University of Iowa.jpg

A chemistry professor at the University of Iowa got slammed recently by colleagues for voicing the view that Darwinian evolutionary theory has "holes...that are big enough to drive a semi-truck through."

The professor, Ned Bowden, was writing in an official university publication, Iowa Now, and 25 of his fellow faculty members took umbrage. They signed a collectively authored letter chastising him, reminding Dr. Bowden that Evolution Is a Fact -- "we no longer debate the central principles of evolutionary theory as a scientific framework for understanding Earth's diversity" -- and chiding Iowa Now for publishing the piece and thereby doing "a disservice to the university."

There are several points of interest here.

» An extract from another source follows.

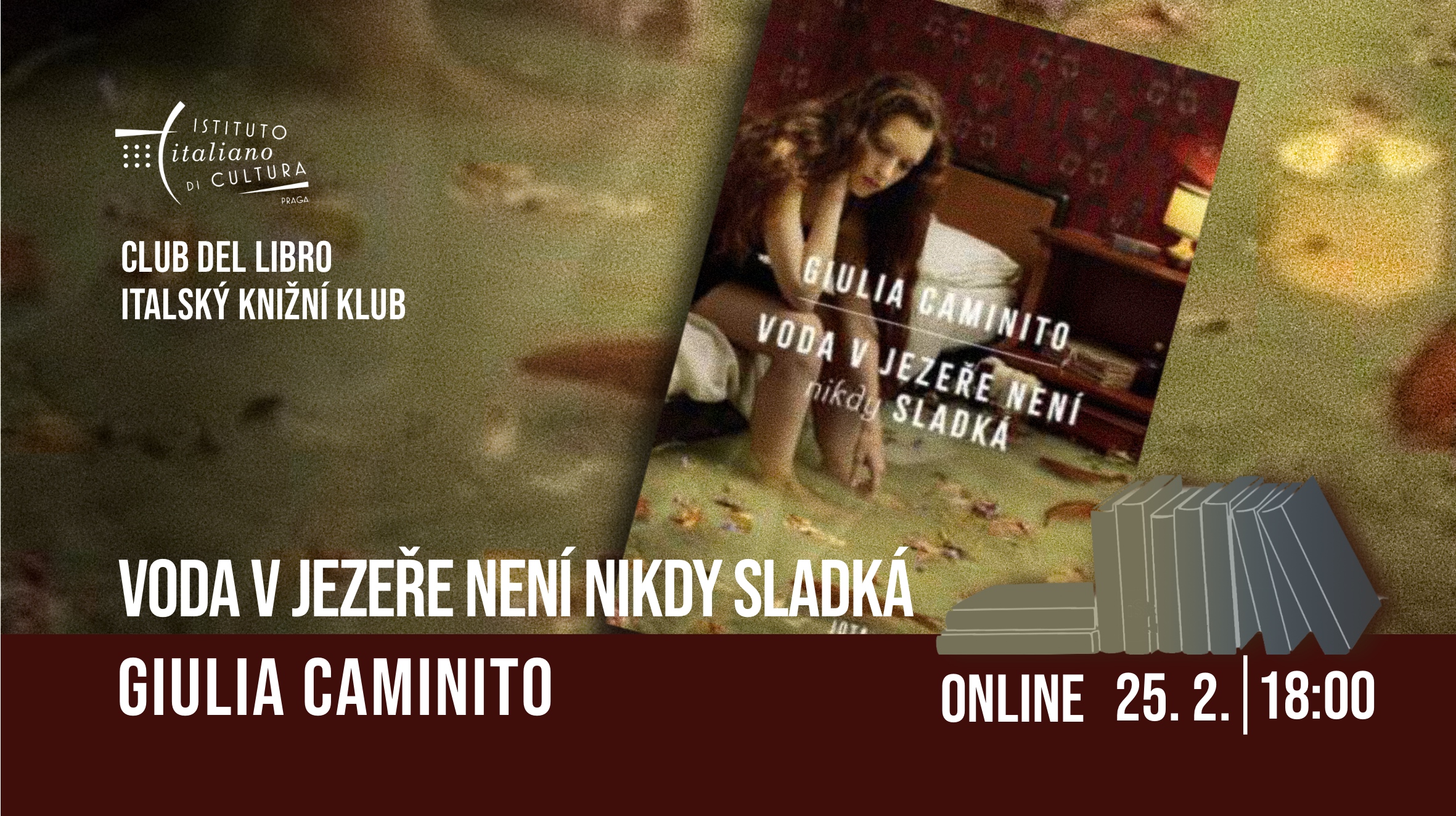 Online čtenářský kroužek věnovaný knize Voda v jezeře není nikdy sladkáItalský knižní klub je čtenářským kroužkem věnovaným italské literatuře přeložené do českého jazyka. Pro online setkání, které se uskuteční 25. února v 18 hodin, byla vybrána kniha Voda v jezeře není nikdy sladká. Akci bude moderovat překladatelka knihy Hana Voráčová.

First, Bowden's remark about the semi-truck is actually in the context of a very mild article, "Common Ground: A Case for Ending the Animosity Between Science and Religion," expressing the general view that science and religion need not conflict. He makes crystal clear that he is no Young Earth Creationist -- "I have utter confidence in radioactive dating." There's not a word about intelligent design either. In fact he uses a standard theistic evolutionary formulation about how "it is highly possible that evolution was the tool that God used to bring humans into being."

Poor guy! Many theistic evolutionists -- not, I'm sure, Dr. Bowden, who seems very sincere -- embrace the idea because it's supposed to protect you from attack by Darwinists. So that's a prophylactic, like some others I can think of, that's not 100 percent effective after all.

Second, in contrast to the situation at Ball State University, a University of Iowa spokesman commented to Inside Higher Ed that Bowden has every right to his opinion and every right to express it in a university publication: "as a public university, we welcome a diversity of views and encourage robust and civil dialogue." Well, good for them!

Third, on the point about Darwinian theory having holes you could "drive a semi-truck through," why does that sound familiar? Holes, gaps...oh, right...it reminds me of what Harvard computer scientist Leslie Valiant writes in his book Probably Approximately Correct, quoted by Berkeley mathematician Edward Frenkel in his New York Times review, about how Darwinism "has the gaping gap that it can make no quantitative predictions as far as the number of generations needed for the evolution of a behavior of a certain complexity" (emphasis added).

Why does Valiant get away with saying that, while Bowden is publicly condemned by 25 of his closest colleagues? It seems unfair. Is it that Bowden specifies the size of the "holes" in terms of the dimensions of a particular vehicle, a semi-truck? So if Valiant said that the gap in Darwinian theory was so large you could drive a double-wide mobile home through it, then that would have brought the wrath of the Harvard faculty down on him?

I don't think so. The rush to condemn Bowden, or to censor Ball State physicist Eric Hedin, is probably driven in part by status anxiety on the part of faculty or administration, respectively. The last thing you want to do is let one of your own professors taint you with the reputation for harboring someone with views -- so goes the mythology of Darwinism -- just a step or two removed from the Ark Park.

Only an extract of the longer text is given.